R&B superstar Tank and I have a lot of things in common. Sort of.
We both love R&B.
We're both church kids.
And we both decided to spend some of our time quarantined learning and playing new songs on our piano. Unfortunately for me, that's where the buck stops.
You see I can play, but Tank can PLAY play. And I can arguably sing but Tank can undoubtedly SANG. And those who know, know that there's definitely a difference.
So when the Grammy-nominated artist hopped on the phone to chat with me on a busy afternoon in April about his new EP aptly entitled While You Wait--I was all ears. Each song on the six-track project is composed of strictly keys and vocals. Which is a breath of fresh air in the overly synthesized, auto-tuned-laced music world he's been accustomed to for nearly 20 years. And when I asked him to explain his reasoning as to why he opted not to add a lot of "flare and fizzle" this time around, he admitted to wanting to produce something that spoke to just how close we were all forced to be during this time. "We got everybody home right now: we got the kids; we got mom and dad; it's the grandma. I really wanted something to really add to that connection or just describe it," he tells xoNecole. "And be the soundtrack to it in a sense." A different yet still musically satisfying move for a man who effortlesly oozes all things sex, love, and pain on a pretty regular basis. (Looking at you, "When We".)
We recently got the chance to catch up with the "Savage" singer where we discussed his new EP, what he's learned in love, and just how he keeps his marriage "grown and sexy". Here's what he had to say.
xoNecole: First things first, how are you?
Tank: C'mon now, I'm awesome. You know, it's quarantine time, people are closer, they got to be connected. It's the perfect time for R&B baby! (laughs)
You know what I’m glad you feel that way, let’s talk about it. Your EP, 'While You Wait' is--
Did you like it?
I did, I honestly did. You really stripped it down to the bare bones you know--just piano and vocals. What was your thought process behind deciding to do it that way?
My Elevation EP had so many different colors: turn up, turn down, or turn in--it's got all of that. But I really wanted to dedicate a full piece to everybody because sometimes my music can be a little "not totally for everybody" (laughs). Sometimes my music can be '21-and-older' or maybe '25-and-older', we don't get to unite the entire family under one body of work. So, I really wanted to dedicate something to that.
I can understand that. And you know, you touched on this a little bit ago. But I feel like I can't say the name Tank without also saying the term “R&B”. The two go hand in hand in my mind.
And I’m sure a lot of your fans would agree. So for you, what is it about the essence of R&B that makes you keep producing that type of music and the fans coming back to enjoy it?
I'm a church kid, right? So, it's always been about creating something that feels like something. R&B for me is just that. It's being able to dedicate a melody, a lyric, instrumentation to make moments. When I think about the R&B songs I was raised on, I can connect moments to it, I can connect people to it. There's a feeling that comes on and it comes over me. It's almost like this high, but it's also like a high in a time machine all at the same time. It's like, 'Let's go back to where this feeling was.' And I've always wanted my music to do that. So, that's what keeps me loyal to this.

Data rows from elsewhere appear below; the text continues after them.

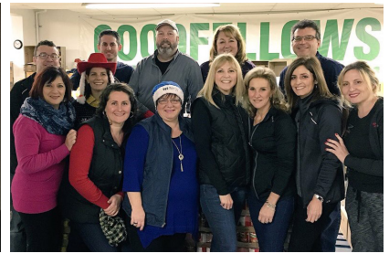
Motor City team at the annual Goodfellows box packing
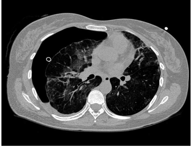
Figure 3. Chest CT showing pneumothorax
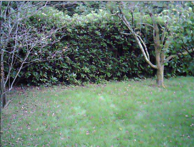
H1 - Mixed species hedge
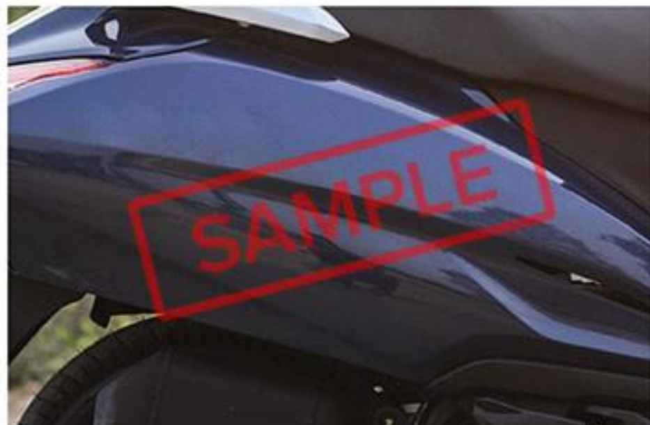
REAR RH SIDE PANEL
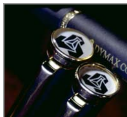
DYMAX 4-20564 is used to dome coat a pen cap.
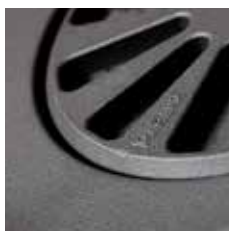
Cast iron disc grate in base for easy ash removal
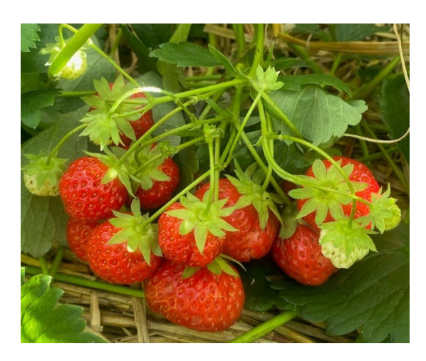
Figure 1. Mara de Bois berries growing in 2019.
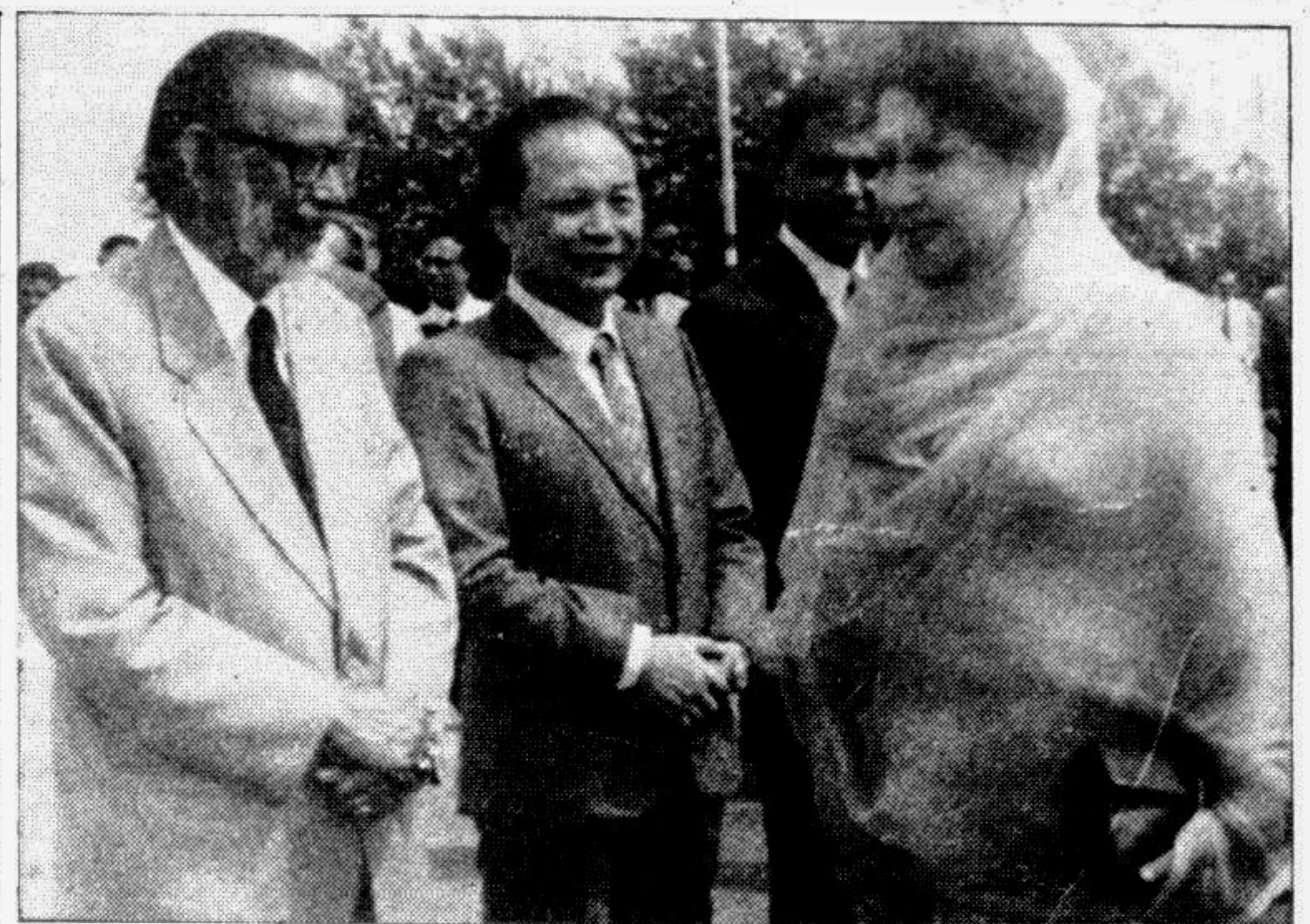
Prime Minister Begum Khaleda Zia was seen off by Law and Justice Minister Mirza Ghulam Hafiz at the, Zia International Airport yesterday on the eve of her departure for Beijing to attend the Fourth World Conference on Women.
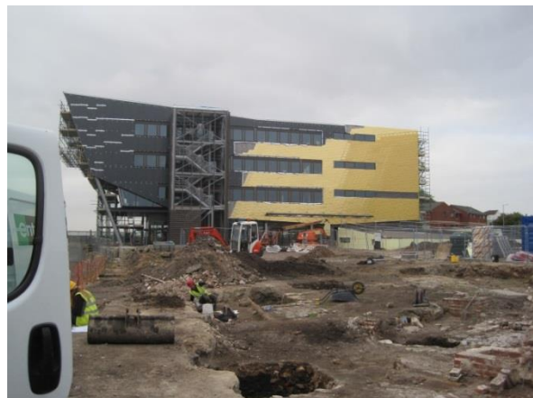
Archaeological excavation being undertaken in advance of construction, C4Di, Hull
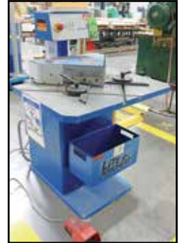
BOSCHERT LITE HYDRAULIC POWER NOTCHER
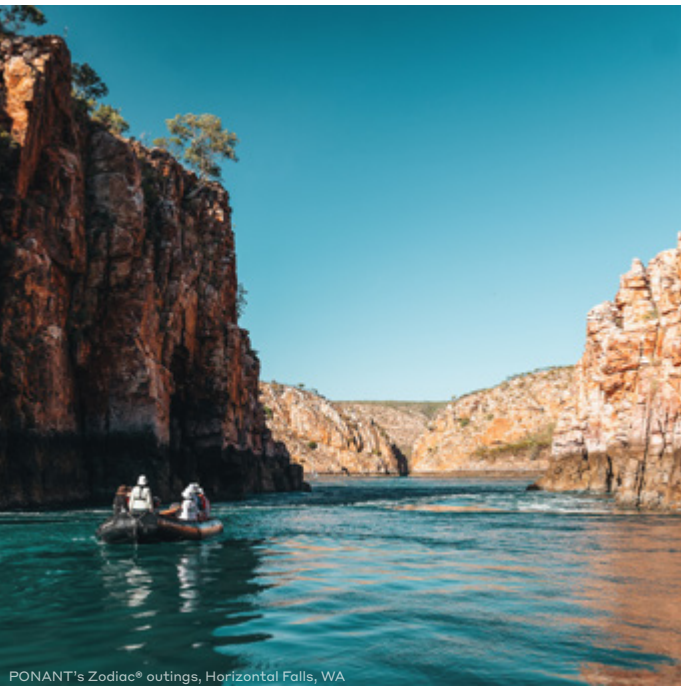
PONANT's Zodiac® outings, Horizontal Falls, WA

"When I think about the R&B songs I was raised on, I can connect moments to it, I can connect people to it. There's a feeling that comes on and it comes over me. It's almost like this high, but it's also like a high in a time machine all at the same time. It's like, 'Let's go back to where this feeling was.' And I've always wanted my music to do that."
So normally, this is the part where we like to switch gears a bit and get a little close and a little intimate. Are you up for that?
Well, you know. I mean, this is what I do (laughs). You need to ask yourself that question.
You’re right--let me assess. The answer is yes.
Let's do it.(laughs)
I feel like I also can't say the name Tank without also automatically thinking: grown and sexy. What are some ways you like to keep things grown and sexy in your own marriage?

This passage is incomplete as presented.